**About this exercise:** Quote the records beneath, complete and exact. Leave out images.

(Saved entries)
========

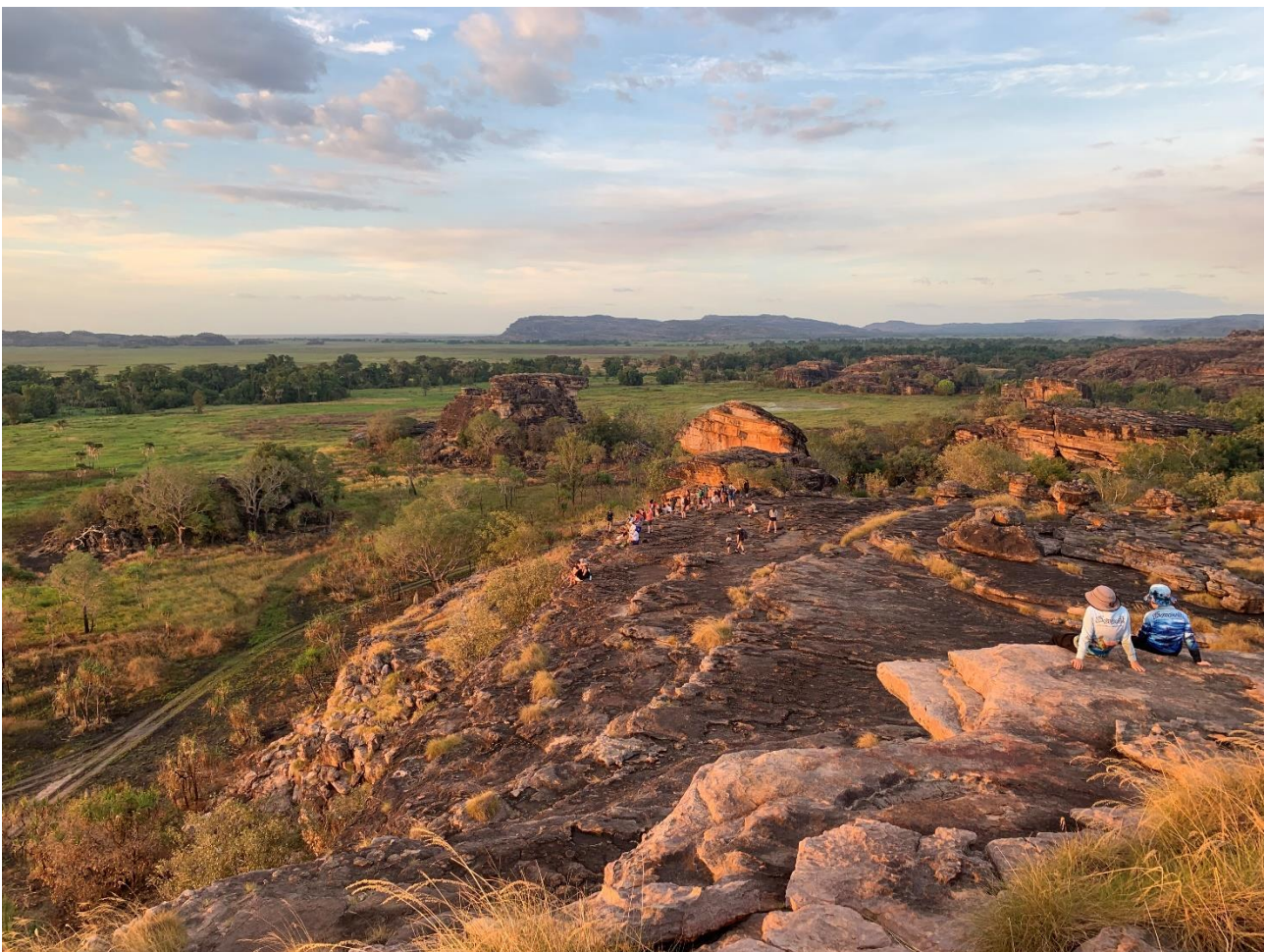
Ubirr at sunset

Ubirr ( https://ebird.org/hotspot/L984086 ) is a must, albeit maybe not for birding reasons. The rock art here is spectacular and so is the sunset views. The only interesting bird species seen here was Sandstone Shrikethrush . This is a good site for Chestnut-quilled Rock Pigeon , albeit I did not see any. Nearby, is Bardedjilidji Sandstone Walk ( https://ebird.org/hotspot/L1608618 ). I did not spend much time here, because I was in a hurry to get to Ubirr at sunset, but I managed to find my main target, Chestnut-quilled Rock Pigeon , within minutes.
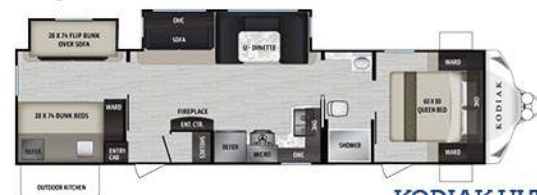
KODIAK ULTRA-LITE 332BHSL Length: 37' 3" Weight: 6,991lbs Sleeps: 8-10 Hitch: 907 lbs. Height: 11'2"
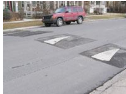
Figure 3 - Speed Cushions for Emergency Vehicles 10
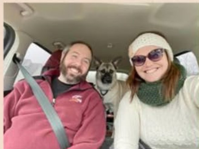
I love car rides! This time we drove to a farm and cut down a Christmas tree!
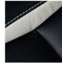
Leather Aero sport, Black/Parchment
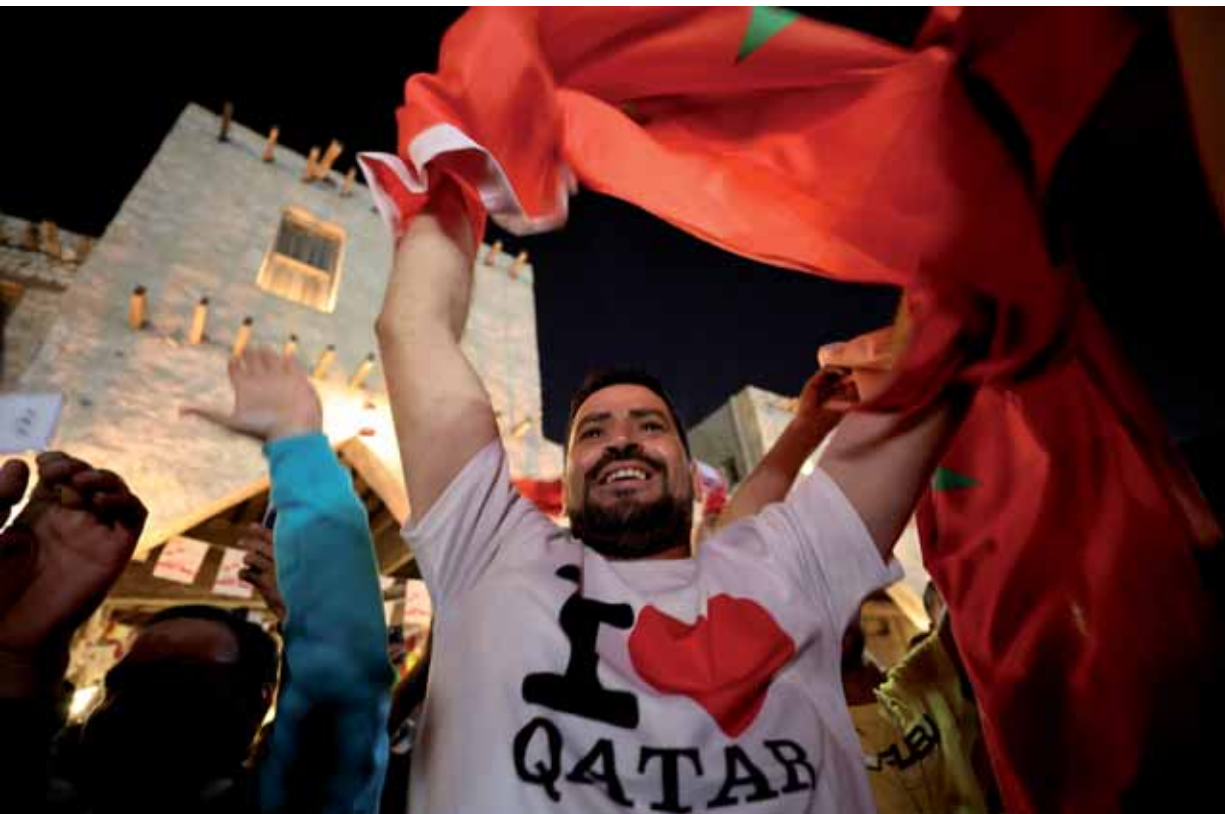
Moroccan fans celebrate in Souq Waqif after their team qualified for the knockout stages by beating Canada yesterday.

Morocco's red-clad army of fans added an extra decibel or two to the last bars of the national anthem before kick-off, sounding a deafening warning to Canada as they willed their team to victory in their Group F game yesterday and top spot in the standings. It was a spine-tingling start to yet another match where Moroccan supporters, many of whom live and work in Qatar, packed out the stadium and nearly raised the roof, handing their side a distinct advantage. An early goal added to the clamour as the North Africans quickly set about beating Canada and securing their place in the next round, finishing ahead of 2018 World Cup runners-up Croatia and eliminating the highly fancied Belgium who are second in the FIFA rankings. If ever there was a side at this World Cup with a veritable 12th man, it is the Moroccans whose level of play at the tournament has been raised a notch or two by the vociferous support. It carried them through a fatigue-filled second half against Canada at the Al Thumama Stadium and was certainly the decisive factor last Sunday when they beat Belgium to set up their unexpected progress to the last-16. With 20 minutes left against Belgium, and the score still 0-0, Morocco were visibly tiring, the ferocity of the tussle taking its toll on players who rarely play in matches of such intensity. The din of a concerned crowd transformed into a tumultuous racket when Abdelhamid Sabiri's free kick
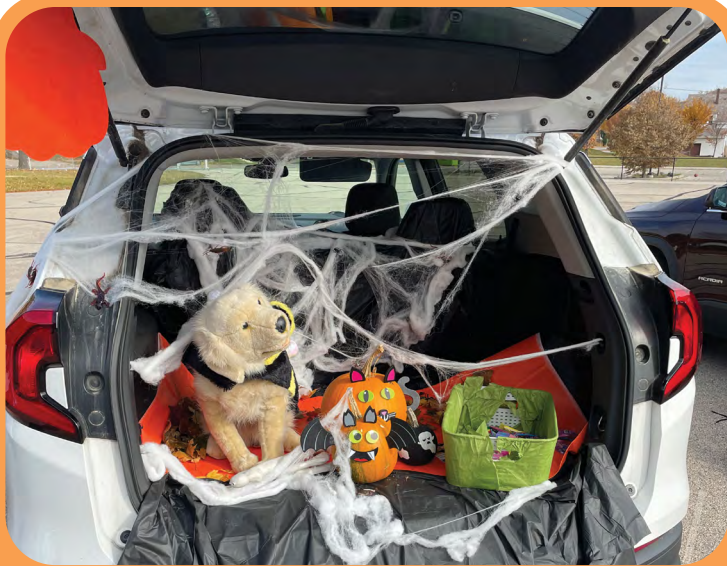
WHS attended Auer Avenue School's Halloween "Trunk or Treat" this fall, offering goodies to the kids!

Through the partnership, students ranging from kindergarten to grade 5 learn about important topics such as animal safety, caring for pets, and careers in animal welfare. The partnership consists of both in-class programs and field trips to our Milwaukee Campus. Students get the opportunity to meet some furry friends and see firsthand how animals are cared for in a shelter environment. The Auer Avenue School Youth Council (a leadership group for young people in Grade 5) has the opportunity to meet with a panel of our staff and learn about career opportunities in animal welfare. We are excited to expand this partnership to increase our presence for families in the community.
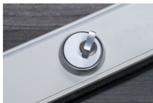
Base Slat Thumbturn
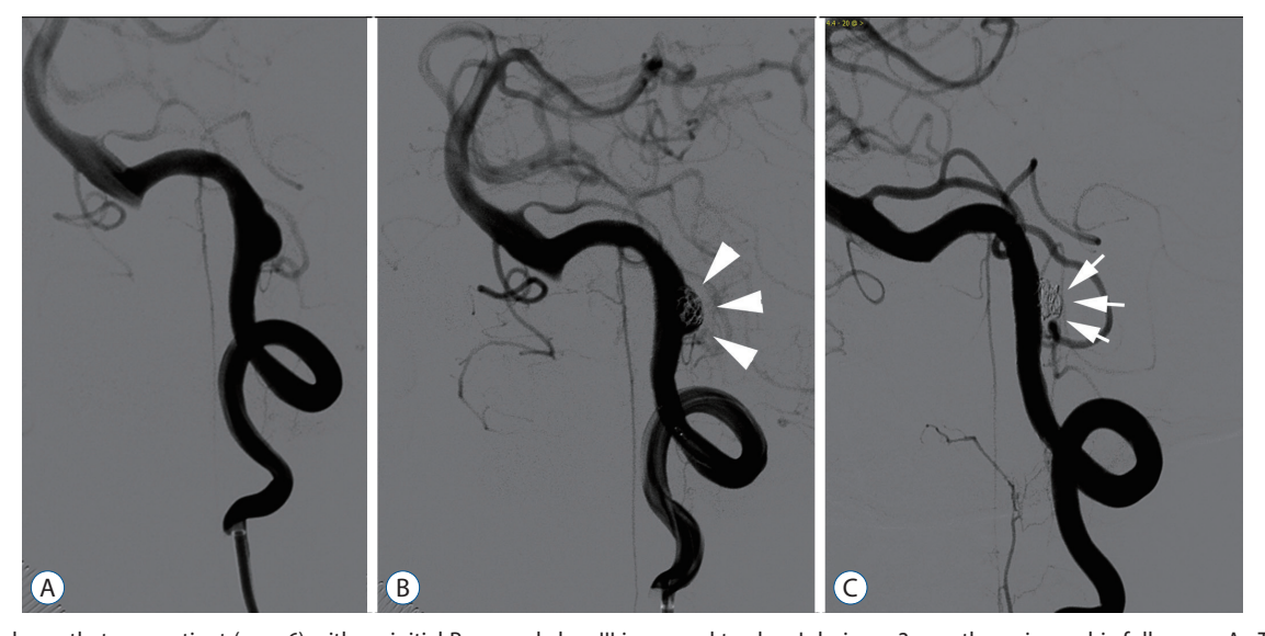
Fig. 2. It shows that one patient (case 6) with an initial Raymond class III improved to class I during a 3-month angiographic follow-up. A: The initial angiography showed the vertebral artery dissecting aneurysm. B: Angiography after the procedure showed the aneurysm sac filling (arrowheads). C: Angiography after 3 months elucidated that no contrast filled the aneurysm (arrows).

An angiographic follow-up at 3–9 months (mean, 5.7±1.6 months) showed (Table 1) complete occlusion in 15 cases (83.3%, Fig. 1). All patients elucidated successful occlusion (Raymond I and II) at last angiographic follow-up. Five cases (27.8%) were improved with progressive occlusion of the aneurysm (Fig. 2). One case (case 11) with a residual aneurysm sac at first angiographic follow-up 3 month postoperatively, and received another angiography at 9 months, which improved to Raymond class II. No decreased Raymond class was found. In the clinical follow-up period (mean, 21.3 months; range, 15–42 months), 17 patients (94.4%) had mRS scores of 0–2. The mRS of 16 patients (88.9%) improved and none were decreased. The MRA or CTA follow-up was conducted with clinical follow-up, which showed satisfied patency. No rebleeding occurred during the follow-up.
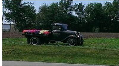
Mini Earth in Grayslake, IL

With our planting done, we took a day trip into the country to watch our very first horse show. Minnesota cousins were in town with three of their horses entered in the 21 st Anniversary Prairie State Classic Horse Show held in Roscoe, IL. Electric fans in the barn kept us, the horses and a surprising menagerie of canines fairly comfortable on a Sunday with temperatures that climbed well into the 80's.

========

**Exercise answer:**
Ubirr at sunset

Ubirr ( https://ebird.org/hotspot/L984086 ) is a must, albeit maybe not for birding reasons. The rock art here is spectacular and so is the sunset views. The only interesting bird species seen here was Sandstone Shrikethrush . This is a good site for Chestnut-quilled Rock Pigeon , albeit I did not see any. Nearby, is Bardedjilidji Sandstone Walk ( https://ebird.org/hotspot/L1608618 ). I did not spend much time here, because I was in a hurry to get to Ubirr at sunset, but I managed to find my main target, Chestnut-quilled Rock Pigeon , within minutes.
KODIAK ULTRA-LITE 332BHSL Length: 37' 3" Weight: 6,991lbs Sleeps: 8-10 Hitch: 907 lbs. Height: 11'2"
Figure 3 - Speed Cushions for Emergency Vehicles 10
I love car rides! This time we drove to a farm and cut down a Christmas tree!
Leather Aero sport, Black/Parchment
Moroccan fans celebrate in Souq Waqif after their team qualified for the knockout stages by beating Canada yesterday.

Morocco's red-clad army of fans added an extra decibel or two to the last bars of the national anthem before kick-off, sounding a deafening warning to Canada as they willed their team to victory in their Group F game yesterday and top spot in the standings. It was a spine-tingling start to yet another match where Moroccan supporters, many of whom live and work in Qatar, packed out the stadium and nearly raised the roof, handing their side a distinct advantage. An early goal added to the clamour as the North Africans quickly set about beating Canada and securing their place in the next round, finishing ahead of 2018 World Cup runners-up Croatia and eliminating the highly fancied Belgium who are second in the FIFA rankings. If ever there was a side at this World Cup with a veritable 12th man, it is the Moroccans whose level of play at the tournament has been raised a notch or two by the vociferous support. It carried them through a fatigue-filled second half against Canada at the Al Thumama Stadium and was certainly the decisive factor last Sunday when they beat Belgium to set up their unexpected progress to the last-16. With 20 minutes left against Belgium, and the score still 0-0, Morocco were visibly tiring, the ferocity of the tussle taking its toll on players who rarely play in matches of such intensity. The din of a concerned crowd transformed into a tumultuous racket when Abdelhamid Sabiri's free kick
WHS attended Auer Avenue School's Halloween "Trunk or Treat" this fall, offering goodies to the kids!

Through the partnership, students ranging from kindergarten to grade 5 learn about important topics such as animal safety, caring for pets, and careers in animal welfare. The partnership consists of both in-class programs and field trips to our Milwaukee Campus. Students get the opportunity to meet some furry friends and see firsthand how animals are cared for in a shelter environment. The Auer Avenue School Youth Council (a leadership group for young people in Grade 5) has the opportunity to meet with a panel of our staff and learn about career opportunities in animal welfare. We are excited to expand this partnership to increase our presence for families in the community.
Base Slat Thumbturn
Fig. 2. It shows that one patient (case 6) with an initial Raymond class III improved to class I during a 3-month angiographic follow-up. A: The initial angiography showed the vertebral artery dissecting aneurysm. B: Angiography after the procedure showed the aneurysm sac filling (arrowheads). C: Angiography after 3 months elucidated that no contrast filled the aneurysm (arrows).

An angiographic follow-up at 3–9 months (mean, 5.7±1.6 months) showed (Table 1) complete occlusion in 15 cases (83.3%, Fig. 1). All patients elucidated successful occlusion (Raymond I and II) at last angiographic follow-up. Five cases (27.8%) were improved with progressive occlusion of the aneurysm (Fig. 2). One case (case 11) with a residual aneurysm sac at first angiographic follow-up 3 month postoperatively, and received another angiography at 9 months, which improved to Raymond class II. No decreased Raymond class was found. In the clinical follow-up period (mean, 21.3 months; range, 15–42 months), 17 patients (94.4%) had mRS scores of 0–2. The mRS of 16 patients (88.9%) improved and none were decreased. The MRA or CTA follow-up was conducted with clinical follow-up, which showed satisfied patency. No rebleeding occurred during the follow-up.
Mini Earth in Grayslake, IL

With our planting done, we took a day trip into the country to watch our very first horse show. Minnesota cousins were in town with three of their horses entered in the 21 st Anniversary Prairie State Classic Horse Show held in Roscoe, IL. Electric fans in the barn kept us, the horses and a surprising menagerie of canines fairly comfortable on a Sunday with temperatures that climbed well into the 80's.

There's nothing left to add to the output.